In a series of eyebrow-raising posts on her official blog, the ‘Nothing Compares 2 U’ chanteuse, 44, has made public her lack of between-the-sheets action, and quest to find “a very sweet sex-starved man.”
In a rambling piece written earlier this month, titled “Is Sinead About To Hump Her Truck?”, O’Connor writes: “I recently read of a woman in America who married and regularly humps her truck. I don’t yet own a truck but I’m beginning to understand her head space. And am worried I too may be so desperate for sex that within days I might run up the road and hump Bray Cab’s whole fleet in one hour.”
Explaining her dire situation further, the thrice-married singer adds: “My sh*t-uation sexually/affectionately speaking is so dire that inanimate objects are starting to look good as are inappropriate and/or unavailable men and/or inappropriate and/or unavailable fruits and vegetables. I tell you yams are looking like the winners.”
That’s put me right off my salad.
She continues: “Needless to say what I do for a living makes it hard for me to find men that only want me cuz they like my (legendary) arse. Yet I am in the peak of my sexual prime and way too lovely to be living like a nun. and it’s VERY depressing.”
But while she’s declared open season on her sex life, O’Connor, who announced she was a lesbian in 2000 (and later clarified the statement to Entertainment Weekly in 2005), stipulates a series of deal-breakers.
Note to applicants:
“He must be no younger than 44.
“Must be living in Ireland but I don’t care if he is from the planet Zog.
“Must not be named Brian or Nigel.
“Must be blind enough to think I’m gorgeous.
“Has to be employed. Am not fussy in what capacity generally but vehicle clampers need not apply.
“Leather trouser- wearing gardai, fire-men, rugby players, and Robert Downey-Junior will be given special consideration. As will literally anyone who applies.”

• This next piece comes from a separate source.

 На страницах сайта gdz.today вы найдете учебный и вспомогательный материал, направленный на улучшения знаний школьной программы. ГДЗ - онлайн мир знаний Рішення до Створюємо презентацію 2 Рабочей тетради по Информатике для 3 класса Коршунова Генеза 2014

Oh, and some very important stipulations:
“I like me a hairy man so buffed and/or waxed need not apply.
“No hair gel.
“No hair dryer use.
“No hair dye.”
Also, ladies should not feel left out.
“I’ve had reasonable complaints from lesbians that they have been excluded,” writes O’Connor. “This was terribly remiss of me and I would now like to make it clear that women will also be very much considered.”
She signs off with, “I must end now as I have a hot date with a banana.”

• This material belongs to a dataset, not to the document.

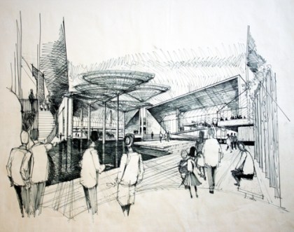 Pavilhão do Canadá, Expo 1970 Osaka – Projeto de Arthur Erickson e Geoffrey Massey, desenho da primeira fase do concurso, projeto vencedor.

O’Connor briefly called off her search, claiming to have found her elusive mate.
She wrote: “Search called off for now. Suitable man found.

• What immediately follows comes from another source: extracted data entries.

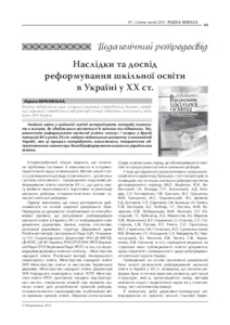 The article covers results (changes in a structure and substance of the school education, organization of the educational process, teaching methods and management system) and generalizes experience of the school education reformation in Ukraine in the 20th century.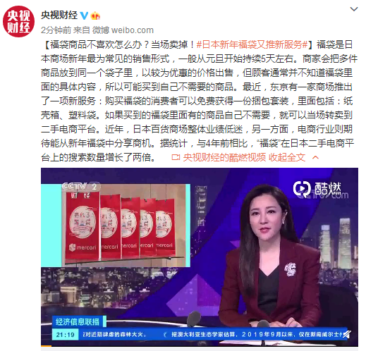 福袋是日本商场新年最为常见的销售形式,一般从元旦开始持续5天左右。商家会把多件商品放到同一个袋子里,以较为优惠的价格出售,但顾客通常并不知道福袋里面的具体内容,所以可能买到自己不需要的商品。最近,东京有一家商场推出了一项新服务:购买福袋的消费者可以免费获得一份捆包套装,里面包括:纸壳箱、塑料袋。如果买到的福袋里面有的商品自己不需要,就可以当场转卖到二手电商平台。近年,日本百货商场整体业绩低迷,另一方面,电商行业则期待能从新年福袋中分享商机。据统计,与4年前相比,“福袋”在日本二手电商平台上的搜索数量增长了两倍。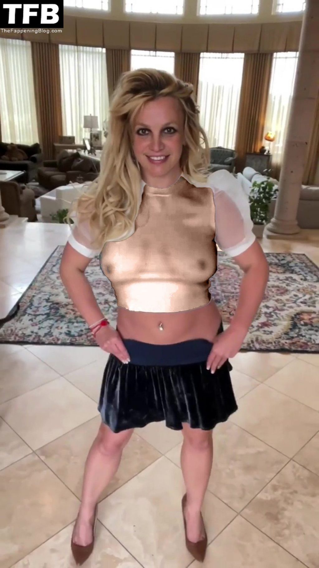 Qualcuno può rispondere a questa semplice domanda? C'è questa compulsione costante di scattare foto più o meno uguali. È il suo portico, il suo giardino o la sua casa. È lei, di solito senza maglietta, che si copre il petto con le mani, o che fa qualche gesto civettuolo come quello sopra. Ma non c'è alcuna creatività, le foto sono scattate con l'abilità di una nonna con una macchina fotografica economica, e Britney non sta davvero posando, sta solo lì a guardare stupida con un sorriso forzato.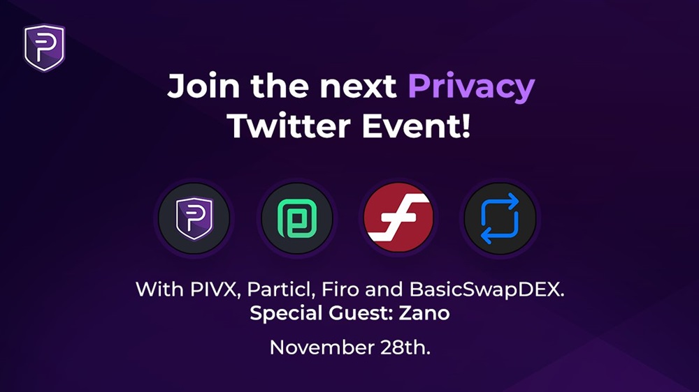 PIVX will host an AMA on X on November 28th at 14:00 UTC. The event will also feature other participants such as BasicSwap DEX, Firo, Particl, and a special guest from Zano Project. The discussion will revolve around various privacy topics.

“Filled by an extremely sweet, kind, very respectful, considerate but absolutely FILTHY minded, un-inhibited RUDE sex maniac named John. and no.. I don’t mean John Waters (ex partner and father to her daughter Brigidine).”
But the search was back on when she discovered that John had a pregnant girlfriend. Total deal-breaker. But she hasn’t given up hope, and is still taking applications.
“ALL applicants will receive replies but since there are literally hundreds of applicants, it may take a few weeks for me to respond to each one,” she adds.
But note, you “must have sweet heart and filthy mind.”
All applications are apparently being vetted by her (no doubt very busy) assistant.